Поскольку Карлейль подвержен ошибкам, как и другие люди, практический эффект его доктрины заключается в том, что он превозносит тех, кто ему нравится, и выражает презрение к тем, кто ему не нравится. Поскольку его привлекают благородные качества Бернса, прежде всего его искренность, он формирует величественную идеальную концепцию о нем. Действительно, в своих «Героях и героическом в истории», написанных двенадцать лет спустя, он смело провозглашает Бернса «самой одаренной британской душой, которая была у нас во всем том его столетии». Лекцию о «герое как литераторе» следует внимательно изучить всем, кто хочет понять отношение Карлейля к великим писателям мира и к Бернсу как одному из них. Однако было бы мало пользы читать, как своего рода постскриптум к этому эссе, полдюжины страниц, которые Карлейль там посвящает специально Бернсу. Он там повторяет многие мысли этого эссе — когда писатель однажды ясно и полностью высказал свое мнение о человеке, он не может хорошо писать о нем снова без повторения. Ценность лекции о «герое как литераторе» в том, что она дает нам в краткой форме общие идеи, частным применением которых является «Эссе о Бернсе».

Вследствие своей концепции Бернса как героя, Карлейль отбрасывает как не имеющие большого значения в общей оценке свидетельства, которые противоречат его собственному взгляду, или даже полностью отказывается верить им. Так он останавливается на лучших стихах Бернса и почти не обращает внимания на его вычурные английские стихи и напыщенную прозу. Однако они тоже написаны Бернсом и требуют полного рассмотрения, если мы хотим понять человека в целом. Опять же, он не поверит анекдоту, для которого есть довольно хорошие доказательства, потому что он показывает в Бернсе глупое тщеславие, которое кажется ему невозможным. Так что, в лучшем случае, наше эссе дает лишь частичный взгляд на Бернса. Те, кто хочет узнать больше о неприглядной стороне характера поэта, сделают хорошо, если прочитают эссе такого же верного сына Шотландии и такого же доброго и сочувствующего писателя, как и сам Карлейль, — Роберта Луиса Стивенсона[13].
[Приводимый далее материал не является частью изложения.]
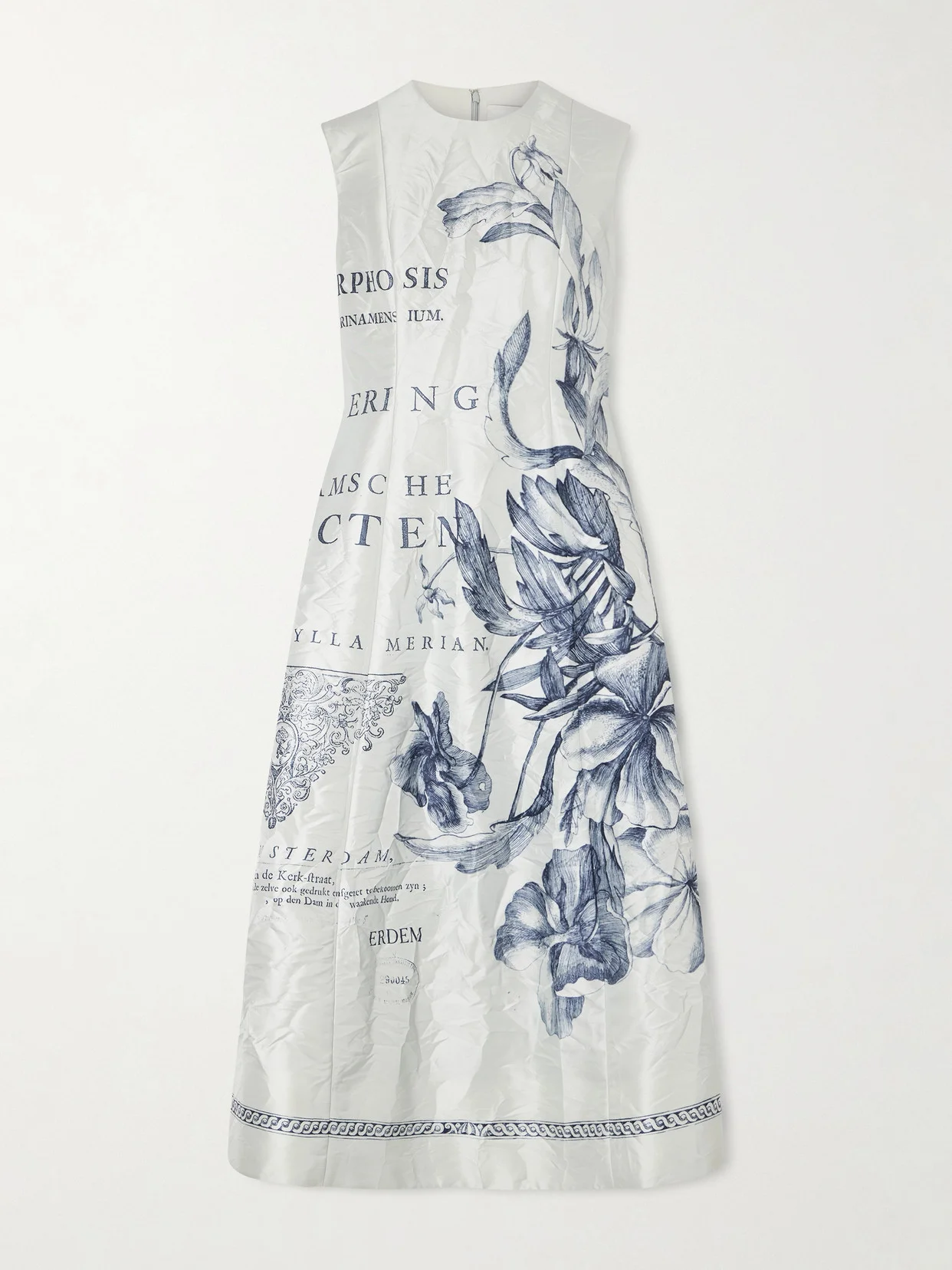 Taking inspiration from the German naturalist Marie Sibylla Merian, Erdem's dress features a beautiful print that transforms her traditional drawings into wearable art. It is cut from crinkled satin in an A-line silhouette. Style yours with point-toe pumps and a box clutch.

Можно было бы сказать гораздо больше в порицание работы Карлейля, и все же ее существенное величие осталось бы незатронутым. Спустя почти семьдесят лет это эссе все еще остается, безусловно, нашим лучшим портретом Бернса. Всем последующим критикам приходилось считаться с Карлейлем. Они могут сильно расходиться с его выводами, но они не могут не признать его выдающихся достоинств. Хотя суждения Карлейля о Бернсе в основном хорошо выдержали испытание временем, все же в этом, как и во всех его писаниях, его превосходство заключается не столько в его собственных мнениях, сколько в его способности заставить других думать самостоятельно. У Карлейля мало той законченности, пропорциональности, проницательности, которые мы находим у Мэтью Арнольда или Сент-Бёва. Но для обычного читателя он гораздо полезнее, чем многие писатели, которые ближе к абсолютной истине. Он трогает наши сердца и пробуждает наши симпатии. Большинство читателей критика спрашивают не: «После прочтения этого эссе могу ли я более точно различать хорошее и плохое искусство у моего автора и лучше судить об их сравнительной важности?», а: «Делает ли этот критик меня более способным понять лучшее, что есть в моем поэте, чтобы я мог глубже приобщиться к его высшей жизни и мысли?». Давайте же с должным почтением приблизимся к мыслям одного из величайших мыслителей Шотландии о величайшем из ее поэтов.

[1] Фруд: «Томас Карлейль, история первых сорока лет его жизни», т. II, стр. 188.

[2] Там же, т. II, стр. 212.

[3] Цитируется по Фруду: «Томас Карлейль, история его жизни в Лондоне», т. I, стр. 140, из письма Карлейля к брату.

[4] См. примечание Карлейля в «Письмах и воспоминаниях Джейн Уэлш Карлейль», под ред. Фруда, т. I, стр. 107.

[5] «Sartor Resartus», II, гл. III.

[6] Речь, произнесенная перед студентами Эдинбургского университета 2 апреля 1866 года.

[7] Фруд: «Томас Карлейль, история первых сорока лет его жизни», т. II, стр. 26.

[8] «Письма Томаса Карлейля», 1826–1836 гг., стр. 123.

[9] Цитируется из письма Карлейля к брату от 10 октября 1828 года. Здесь содержится реминисценция начальных строк «Искусства поэзии» Горация.

[10] Фруд: «Томас Карлейль, история первых сорока лет его жизни», т. II, стр. 31–35.

[11] По этой причине читателю предлагается краткий очерк жизни поэта после этого Введения. См. стр. xiv–xvii.

[12] «Sartor Resartus», III, гл. VII.

[13] В «Обыденных этюдах о людях и книгах».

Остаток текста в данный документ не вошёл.